Given the comprehensiveness of subjects covered, there is something in The Platonian Leviathan for almost every Hobbesian scholar. In particular, Craig succeeds in challenging the conventional readings of Hobbes in ways that must be addressed if the viability of each reading is to be maintained. Then, he draws interesting parallels between the Leviathan and the Republic (e.g., both states seem to invoke Platonic natural justice, both desire philosophers to be made kings or at least advisers to kings, both start from an analogy between man and the state, both found regimes using lie and myth, and finally both provide a similar treatment of philosophy [pp. 488–95]). While one's initial reaction is that Craig's challenges to the conventional readings and his claims about the Platonic elements are each by themselves weak, compounded one on top of the other they do combine into a persuasive alternative reading of Hobbes. Still, one is left wondering if Hobbes really is the brilliant rhetorician and political philosopher Craig makes him out to be or if Craig's reinterpretation is really a revision that gives Hobbes too much credit.

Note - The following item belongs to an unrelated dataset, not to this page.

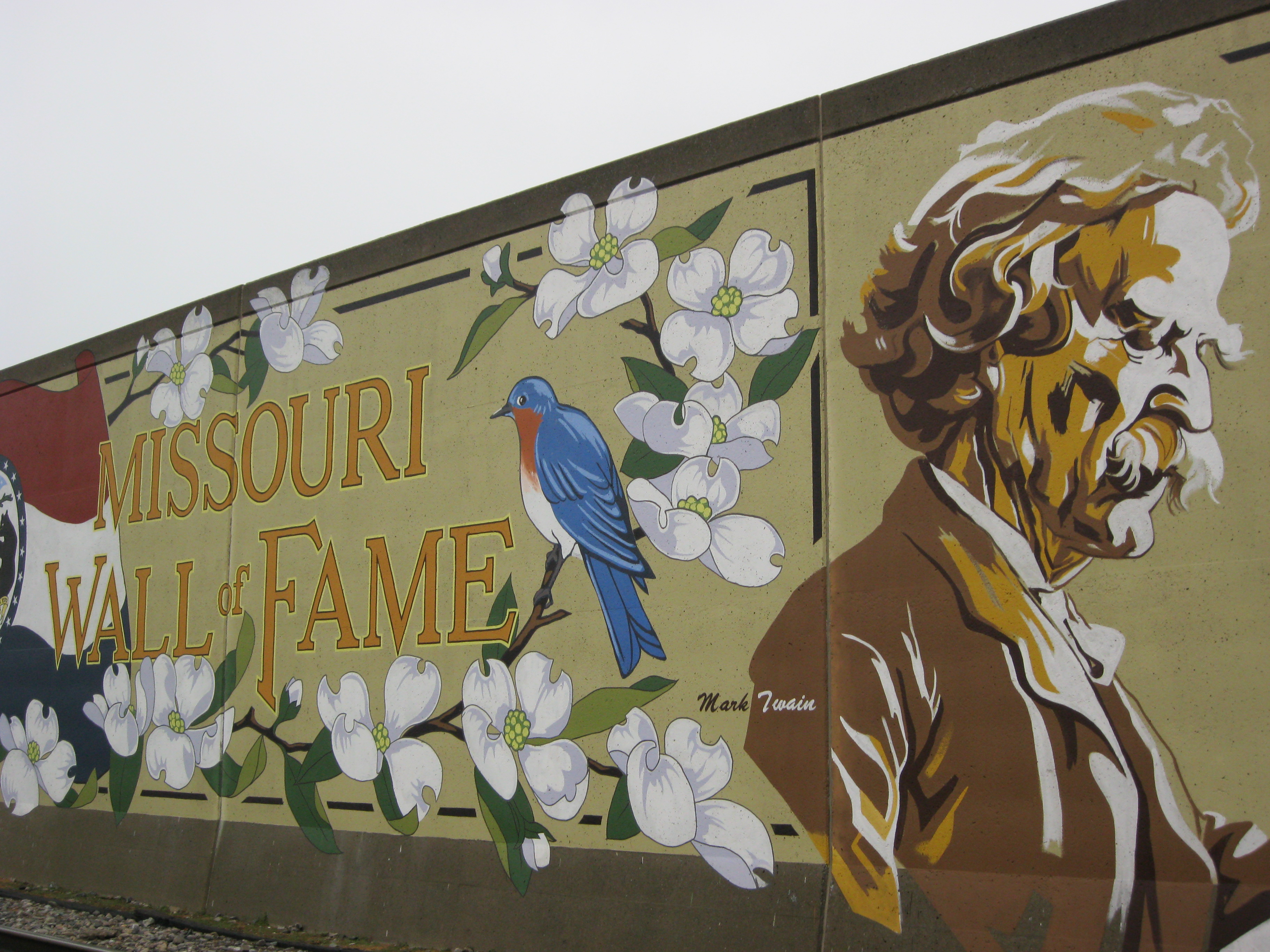 Today a 500 foot span of the flood wall is covered with a 45 panel mural depicting 46 or 47 famous people who were either born in Missouri or achieved fame while living there. This span is known as the Missouri Wall of Fame.

As one last point, Craig's treatise has a second audience. While Part I and Part II are primarily for Hobbesian scholars, the sidebars (the ‘Prelude’, ‘Melvillian Overture’, ‘Conradian Intermezzo’, ‘Melvillian Coda’ and ‘Postlude’) are for the contemporary political philosopher. The ‘Postlude’ represents a scathing critique of current political philosophy for being ideological and lacking comprehensive vision and analysis of real social problems. Craig combines the ‘Postlude’ with these other parts to show what political philosophy can (again) be – comprehensive literary satires of current practices that highlight fundamental political problems in meaningful and productive ways.